[Start of section]

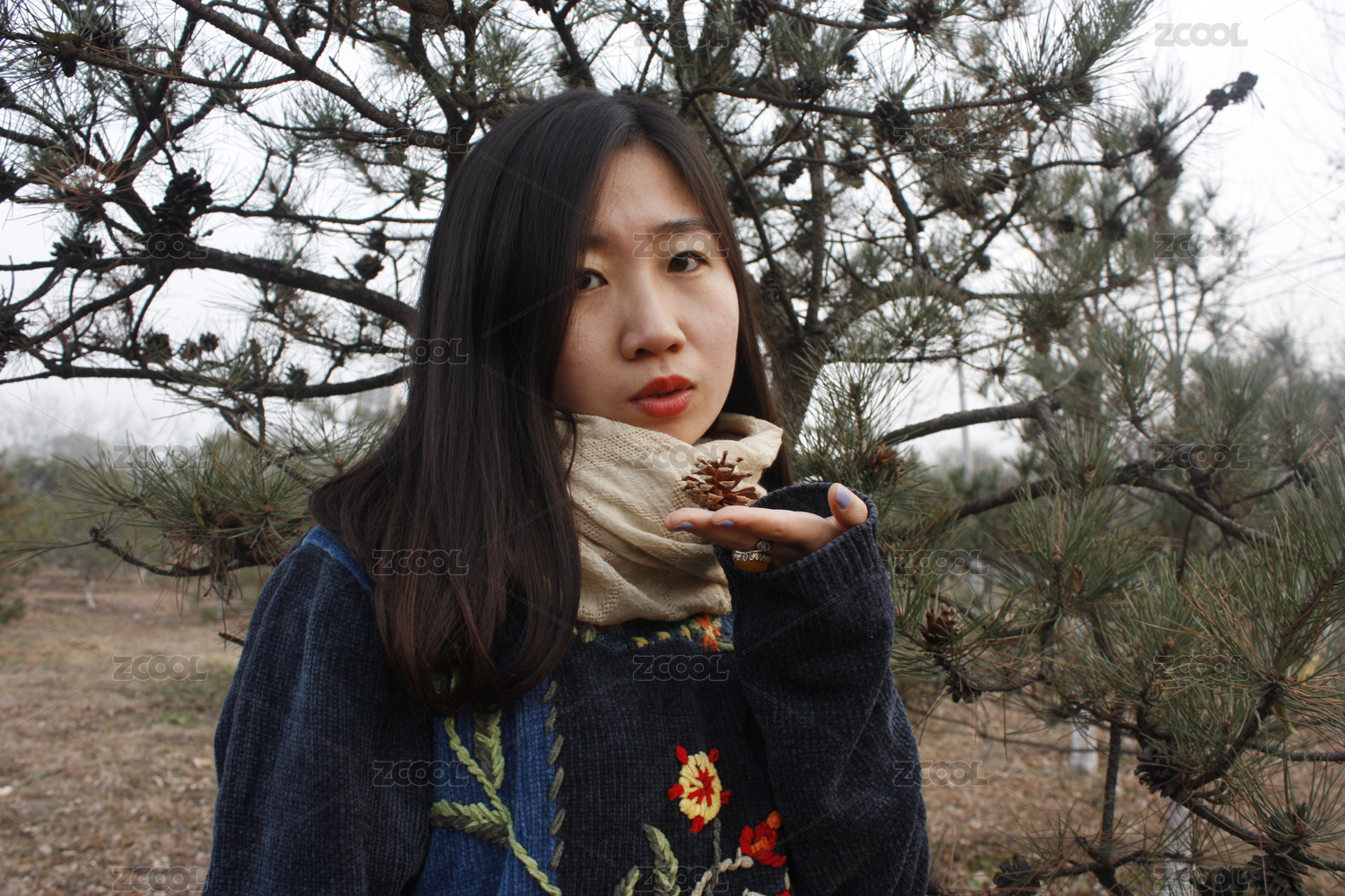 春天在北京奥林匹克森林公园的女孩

[End of section]
[Start of section]

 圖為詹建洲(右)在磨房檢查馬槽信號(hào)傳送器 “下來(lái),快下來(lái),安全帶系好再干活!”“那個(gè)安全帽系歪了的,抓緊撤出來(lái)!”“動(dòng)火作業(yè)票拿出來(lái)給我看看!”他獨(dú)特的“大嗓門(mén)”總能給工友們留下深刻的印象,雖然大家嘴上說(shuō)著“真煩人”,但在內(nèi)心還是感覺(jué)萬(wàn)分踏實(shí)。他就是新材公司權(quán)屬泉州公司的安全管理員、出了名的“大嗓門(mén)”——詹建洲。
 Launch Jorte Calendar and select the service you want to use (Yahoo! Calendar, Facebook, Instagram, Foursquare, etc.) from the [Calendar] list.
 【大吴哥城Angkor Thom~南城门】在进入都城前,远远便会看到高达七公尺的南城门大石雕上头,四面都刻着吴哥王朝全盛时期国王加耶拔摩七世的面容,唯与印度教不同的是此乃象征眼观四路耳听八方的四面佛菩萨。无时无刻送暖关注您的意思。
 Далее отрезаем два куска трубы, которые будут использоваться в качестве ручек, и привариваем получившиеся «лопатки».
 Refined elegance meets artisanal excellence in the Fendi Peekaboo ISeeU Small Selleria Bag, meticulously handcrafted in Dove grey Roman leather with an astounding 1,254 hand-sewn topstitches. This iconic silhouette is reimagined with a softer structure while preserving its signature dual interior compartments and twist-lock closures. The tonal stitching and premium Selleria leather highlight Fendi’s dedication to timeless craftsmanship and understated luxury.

[End of section]

■ Assignment: Please copy the lines above from the line with "Launch Jorte Calendar" up to and including the line with "Далее отрезаем два", exactly as written and with nothing else.

■ Finished exercise:
 Launch Jorte Calendar and select the service you want to use (Yahoo! Calendar, Facebook, Instagram, Foursquare, etc.) from the [Calendar] list.
 【大吴哥城Angkor Thom~南城门】在进入都城前,远远便会看到高达七公尺的南城门大石雕上头,四面都刻着吴哥王朝全盛时期国王加耶拔摩七世的面容,唯与印度教不同的是此乃象征眼观四路耳听八方的四面佛菩萨。无时无刻送暖关注您的意思。
 Далее отрезаем два куска трубы, которые будут использоваться в качестве ручек, и привариваем получившиеся «лопатки».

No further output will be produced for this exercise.